ISLAMABAD: Maeda Hussaini, 17, wanted to be an astronaut and she even wrote to America’s space agency National Aeronautics and Space Administration (NASA). It might seem out of reach for an Afghan girl, but the sky was the limit.
When the Taliban grabbed power in 2021, and her family fled to Iran. But Maeda refused to give up on her dream. She decided to travel over land to Turkiya and risked the sea crossing over to Europe to continue her studies.
Mahtab, her mother, was anxious, but Maeda eventually won her round.
“I told her, ‘Go, my dear daughter, may God protect you,'” said Mahtab. “She was capable.”

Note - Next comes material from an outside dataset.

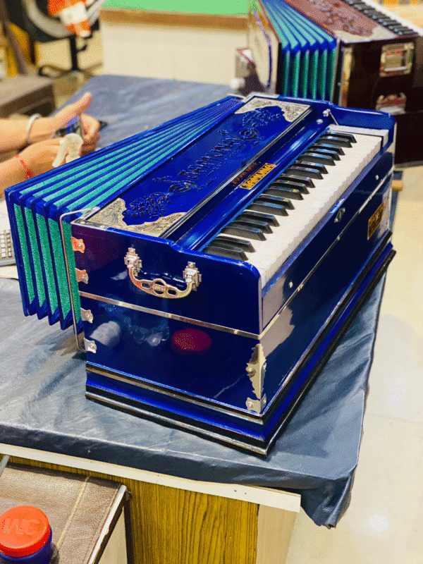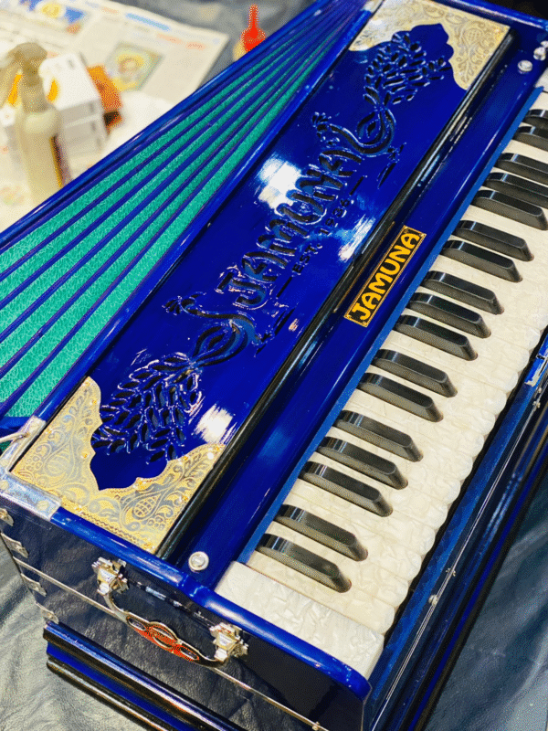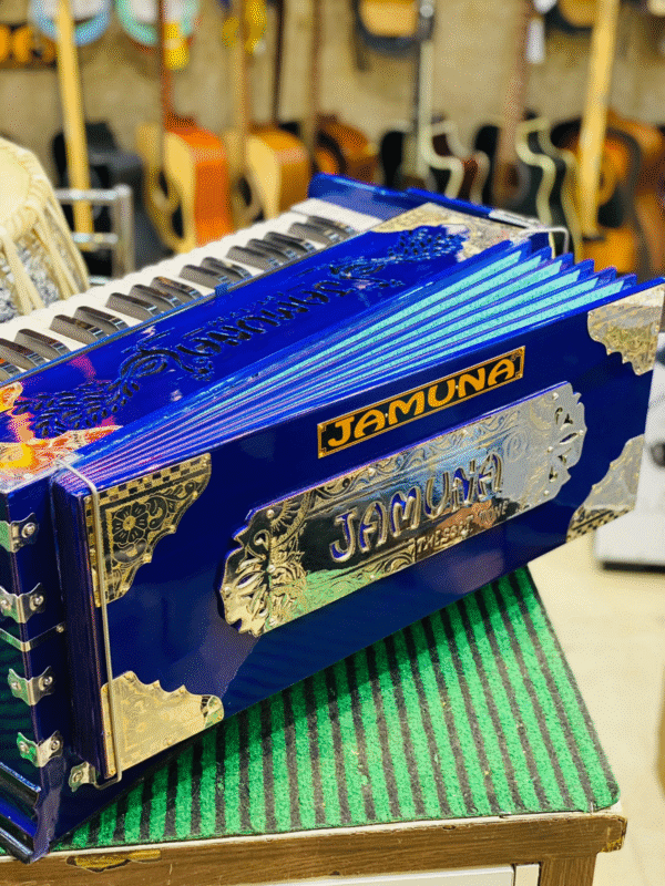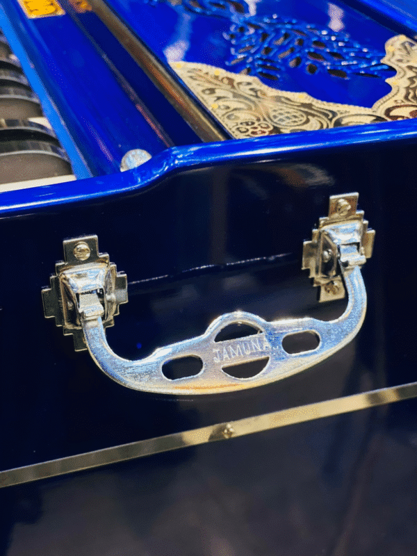 Discover timeless craftsmanship with the JAMUNA® Standing Harmonium, a professional-grade instrument from Jamuna Musicals (Est. 1936)—a brand trusted for generations. This premium harmonium features 3-line Khadi Kangi Bass Male Madin reeds with vertical-line (Khardi Kangi) construction, delivering a super bright tonal quality ideal for stage, studio, or devotional music. The harmonium’s elegance is enhanced by a signature Jamuna-designed top panel with brass plates and a striking royal blue finish that sets it apart. Handcrafted from seasoned imported wood, it includes custom-tuned reeds, 3.5-octave range, and left-side coupler keys for dynamic performance control. The 7-fold bellows (pakha) ensure smooth, sustained airflow, while the stopper-free (laatu/drones) design allows for a clean and uninterrupted sound. Finished with excellent polish and built using the best quality wood, this harmonium blends tradition, innovation, and style—only from JAMUNA®.

Maeda spent four days and nights at high sea after the boat she boarded travelled from Turkey on February 22.
“Hello mum, I hope you are alright. I am well and happy. I am still in the boat. We will get off in thirty minutes,” she said in her last voice message to her mother, who could hear the waves in the background.
After that, a final text: “My mum, I am almost in Italy, getting off shortly, happy and healthy. Do not you worry.”
Then news came that the overcrowded migrant boat sank in rough seas within sight of the Italian coast at Crotone.
Of some 200 people from different nations on board, at least 86 died. The young Afghan girl, Maeda’s body, was found nearly three weeks later, and more are still missing.
It is rare for the young lady to take such journeys alone because of the high risks, but Mahtab says her eldest child was determined.
Her family said Maeda had been shot in the leg as she crossed from Iran to Turkey seven months earlier. Who attacked her is unclear as border security guards on both sides are armed.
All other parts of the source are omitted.